Era mayo de 2005, y las librerías españolas recibían dos títulos distintos: En busca del barón Corvo y A la caza del amor, de un sello desconocido llamado Libros del Asteroide. Detrás de esos ejemplares estaba un hombre singular: de formación en Derecho, se había especializado en Administración de Empresas y había trabajado en Barcelona para Planeta. Con ese capital y algo de dinero, se lanzó a editar libros que le gustaran a él mismo. Se llama Luis Solano y dos décadas después se muestra conforme con la travesía. Ha publicado más de doscientos libros que le gustan, logró que una aventura a la que se había apostado unos ahorros sea hoy una empresa y, sobre todo, es feliz.

–¿Por qué se dedicó a los libros?

–De niño, me gustaba mucho leer y los libros siguieron siendo una cosa importante en la época en la que estudiaba Derecho. También me gustaba escribir, pero no me veía con suficiente talento. Así es que la literatura podía ser una afición y, al acabar la carrera, decidí estudiar un máster de Administración de Empresas, que me permitió trabajar durante años en consultoría y en startups relacionadas con el mundo de las telecomunicaciones. A través de ese trabajo, llegué a Planeta para ayudarles a poner en marcha el libro electrónico. Esa experiencia me sirvió para entender cuáles eran las mecánicas económicas que había detrás del mundo del libro y pensé que podría intentarlo. Después me di cuenta de que había encontrado mi vocación.

–En Planeta pudo conocer el negocio del libro, ¿cómo era ese negocio y cuánto cambió?

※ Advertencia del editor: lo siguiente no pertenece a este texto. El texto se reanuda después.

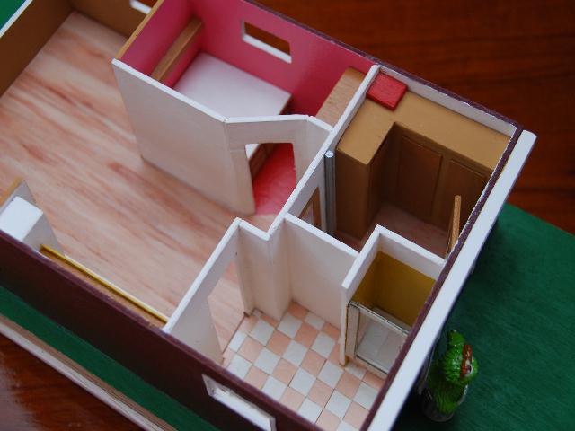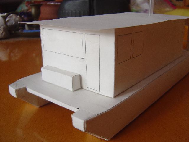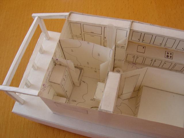 Hier habe ich vom Hausboot ein Modell aus Seekartenpapier gebaut. Dabei kann man gut die Räumlichkeiten sehen. Mit den Gedanken kann man dann durch das Haus gehen.

–La parte económica es bastante estable. En España, se trabaja con un descuento del 55%. El editor recibe el 45% restante, del que el 10% le corresponde al autor y él se queda con el 35% del precio de venta. Con eso debe pagar la edición, la impresión del libro, el anticipo a los autores de los siguientes libros y otros gastos. Si hablamos de una novela extranjera, necesitas imprimir 3.000 ejemplares y vender la mitad para que sea rentable. Si es un escritor español, con 700 u 800 ejemplares a lo mejor puedo recuperar la inversión. Sabía que no era un negocio para hacerme rico, sino para vivir de algo que me gustara. Lo que ha cambiado es el modo de difusión de los libros y la competencia que tienen: ahora casi toda la información se consume de manera digital, la televisión se ve en streaming y las redes sociales tienen protagonismo. Pero la lectura sigue siendo para las personas un refugio que les permite aislarse del ruido que lo digital genera.

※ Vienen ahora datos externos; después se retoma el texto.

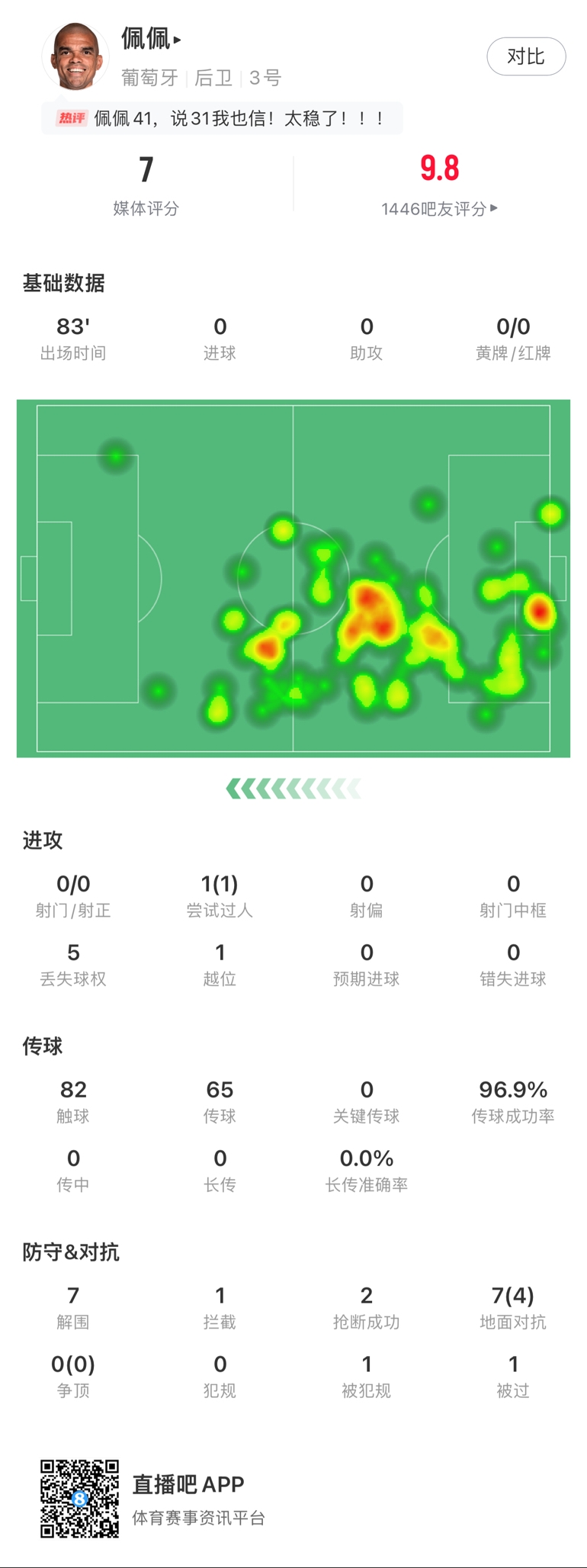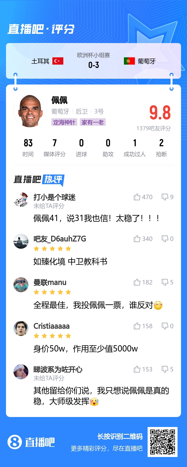 06月23日讯 欧洲杯F组第2轮,葡萄牙3-0完胜土耳其,锁定小组头名出线。41岁的葡萄牙中卫佩佩本场首发出战83分钟被换下,吧友为他出9.8的超高分。【吧友来为本场

–¿Quién elige qué publican?

–Trabajo con lectores, pero el que tiene que emocionarse con el libro soy yo. Busco libros narrativos y que me hayan abierto los ojos a nuevas realidades. La característica fundamental de un editor es la curiosidad, y yo soy una persona curiosa. La evolución del catálogo tiene que ver con que mi vida va cambiando y las cosas que me interesan también, aunque siempre mi trabajo como editor es leer malos libros para que otros lean buenos libros.

–¿Cómo es el vínculo con la Argentina?

–El público argentino es el más parecido al español. Por lo menos para los libros que nosotros hacemos, de literatura de cierta calidad y narrativa. Para nosotros la Argentina es el mercado más grande, aunque México tiene un mercado de libros mayor. Hay libros que sentimos que pueden tener más acogida en la Argentina porque el lector es un poco distinto, un pelín más sofisticado, más interesado en la forma, mientras que al lector español le interesa más el contenido. El tipo de comunicación que hacemos, cómo presentamos los libros, se entiende muy bien en la Argentina, mientras que a veces nuestro diseño, que me parece moderno y elegante, está fuera de los códigos de comunicación de otros países.

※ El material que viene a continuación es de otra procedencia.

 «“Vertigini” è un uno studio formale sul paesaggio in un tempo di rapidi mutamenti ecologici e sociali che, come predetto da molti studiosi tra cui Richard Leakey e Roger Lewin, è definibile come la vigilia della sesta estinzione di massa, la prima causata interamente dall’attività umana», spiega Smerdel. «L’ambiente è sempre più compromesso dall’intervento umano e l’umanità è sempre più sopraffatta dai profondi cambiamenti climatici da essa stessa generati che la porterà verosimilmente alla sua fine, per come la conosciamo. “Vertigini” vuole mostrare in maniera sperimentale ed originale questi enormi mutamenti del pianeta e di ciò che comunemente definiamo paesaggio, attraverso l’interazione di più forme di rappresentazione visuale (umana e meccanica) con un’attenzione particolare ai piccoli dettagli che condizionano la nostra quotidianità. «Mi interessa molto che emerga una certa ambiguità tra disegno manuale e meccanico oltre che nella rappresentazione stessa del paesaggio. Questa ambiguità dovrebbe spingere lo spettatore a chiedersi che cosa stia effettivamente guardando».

–¿Algún libro funcionó mejor en la Argentina que en España?

–Puedo pensar en Leila Guerrero; Claus y Lucas, de Agota Kristof, que se ha vendido muy bien en España, pero en la Argentina vendió el doble, y creo que tiene que ver con el lector argentino por el experimento formal. Otro ejemplo es Rachel Cusk, que tiene que ver con esta búsqueda de la innovación formal.